Caspian Sea Drinks' is financed with 62.00% equity and the remainder in debt. They have 10.00-year, semi-annual pay, 5.59% coupon bonds which sell for 98.88% of par. Their stock currently has a market value of $25.63 and Mr. Bensen believes the market estimates that dividends will grow at 3.40% forever. Next year’s dividend is projected to be $2.59. Assuming a marginal tax rate of 31.00%, what is their WACC (weighted average cost of capital)?

1 answer

To calculate the Weighted Average Cost of Capital (WACC) for Caspian Sea Drinks, we need to first determine the cost of equity, the cost of debt, and then combine them using their respective weights in the capital structure.

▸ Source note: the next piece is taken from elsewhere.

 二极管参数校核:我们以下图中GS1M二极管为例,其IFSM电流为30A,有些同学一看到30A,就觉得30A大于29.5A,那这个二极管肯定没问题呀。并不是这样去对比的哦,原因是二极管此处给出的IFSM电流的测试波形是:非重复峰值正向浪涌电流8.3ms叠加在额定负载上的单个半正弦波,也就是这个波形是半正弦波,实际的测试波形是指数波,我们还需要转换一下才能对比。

Step 1: Calculate Cost of Equity

The cost of equity can be calculated using the Gordon Growth Model (or Dividend Discount Model):

\[ r_e = \frac{D_1}{P_0} + g \]

Where:

  • \( D_1 \) = next year's dividend = $2.59
  • \( P_0 \) = current stock price = $25.63
  • \( g \) = growth rate of dividends = 3.40% = 0.034

Substituting the values:

\[ r_e = \frac{2.59}{25.63} + 0.034 \]

Calculating the first part:

\[ \frac{2.59}{25.63} \approx 0.1013 \text{ or } 10.13% \]

Now add the growth rate:

\[ r_e = 0.1013 + 0.034 \approx 0.1353 \text{ or } 13.53% \]

Step 2: Calculate Cost of Debt

The cost of debt can be calculated from the bond’s yield to maturity (YTM). Since the bonds are selling for less than par, we can use the following formula for the cost of debt:

  1. Calculate the bond’s semi-annual coupon payment: \[ \text{Coupon Rate} = 5.59% \rightarrow \text{Coupon Payment} = \frac{0.0559 \times 1000}{2} = 27.95 \]

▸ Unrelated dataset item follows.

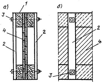 Рис. 9. Фрагменты гвоздевых балок из брусков и досок: а – поперечный разрез; б – вид спереди; 1 – брусок; 2 – ребро; 3 – болты с гайками и шайбами; 4 – дощатая стенка

  2. Current price = 98.88% of par, where par = $1,000: \[ \text{Current Price} = 0.9888 \times 1000 = 988.8 \]

  3. Number of periods (n) = 10 years × 2 = 20 periods

  4. Solve for YTM using the formula: \[ P = \sum_{t=1}^{n} \frac{C}{(1 + r/2)^t} + \frac{F}{(1 + r/2)^n} \]

    For this calculation, we'll use a financial calculator or this approximation to find the yield since the exact calculation involves trial and error.

Assuming that YTM is approximately equal to the coupon divided by the current price adjustment due to the discount:

\[ z = \frac{C}{P} + \frac{(F-P)}{nP} \]

  • Where \(C = 27.95\), \(P = 988.8\), and \(F = 1000\), \(n = 20\).

Calculating:

Using approximation,

\[ r_d \approx \frac{C + (F - P) / n}{P} \]

Calculating it manually or using an approximating yield formula is often complex, so let's estimate that YTM is around 5.7% based on its coupon and current price, which indicates it's a small approximation above the stated coupon rate.

Finally adjust for taxes: \[ r_d = YTM \times (1 - \text{Tax Rate}) = 0.057 \times (1 - 0.31) \approx 0.0393 \text{ or } 3.93% \]

Step 3: Combine to Get WACC

Now combine them using the weights.

\[ WACC = (E/V) \cdot r_e + (D/V) \cdot r_d \]

Where:

  • \(E/V = 0.62\) (weight of equity)
  • \(D/V = 0.38\) (weight of debt - since the remainder is debt)
  • \(r_e = 0.1353\)
  • \(r_d = 0.0393\)

\[ WACC = (0.62 \cdot 0.1353) + (0.38 \cdot 0.0393) \]

Calculating the components:

  1. Equity component: \[ 0.62 \cdot 0.1353 \approx 0.0840 \]

  2. Debt component: \[ 0.38 \cdot 0.0393 \approx 0.0149 \]

Adding them together:

\[ WACC = 0.0840 + 0.0149 = 0.0989 \text{ or } 9.89% \]

Final Result

The Weighted Average Cost of Capital (WACC) for Caspian Sea Drinks is approximately 9.89%.